These are fantastic shots, I forgot how beautiful brickworks is. I haven't been inside since the summer. I thought there was alot of construction and new developments in the surrounding areas and that would make it harder to get in?


----------



## Becky (Feb 1, 2008)

Stunning... :hail:


----------



## Rabieshund (Feb 1, 2008)

Nice shots! But I can't stop thinking about how the frames are ruining all of the shots (which are great). White border with drop shadow? Black border with no shadow would make these shot much more impressive IMO... NEVER EVER use drop shadow on borders, please..  It looks so unprofessional. Good job on the photography though.


----------



## Chiller (Feb 1, 2008)

brandnewmars said:


> These are fantastic shots, I forgot how beautiful brickworks is.

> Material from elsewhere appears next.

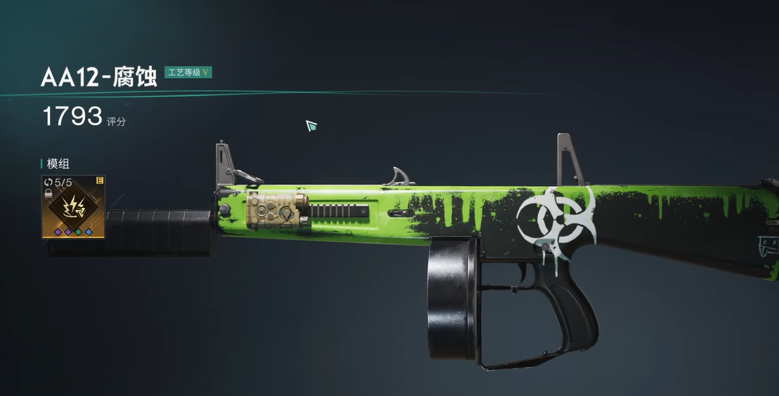 接下来要说的,是霰弹枪中的“AA12-腐蚀”。这把枪堪称混伤神器,其攻击力高达36*5,弹匣容量也有18发,比起一般霰弹枪要强得多,且拥有180的攻击速度。更为强大的是它的特殊效果:攻击时有70%的概率触发电涌,造成电击伤害。虽然电涌无法引发电击异常状态,但其触发后的暴击伤害会有所提升,暴击几率达到15%,最多还能叠加10层。这个特性使得它在近战中十分可怕,打出暴击后能够给敌人造成极高的伤害,甚至可以达到150%的增幅。如果你喜欢在战斗中拥有高爆发的输出,那么这把武器一定是你不容错过的存在。

I haven't been inside since the summer. I thought there was alot of construction and new developments in the surrounding areas and that would make it harder to get in?


 

Yeah..you can get in, but there is some asbestos removal goin on in one part of the building. I checked out that part, but there was nothing to see there except a bunch of ruins. 

thanks again for your comments. 

Rabishund...Im not a professional.. I only do this for fun and have no intention of being a photographer.


----------



## Turn (Feb 2, 2008)

brilliant.


----------



## Chiller (Feb 2, 2008)

Thanks again for your comments .  I appreciate it. 





just x joey said:


> are those light beams fake?


 
Nah, they are real.  Lots of dust, and the sun through the holes.  There are tons more but I had a hard time with exposures in those areas.


----------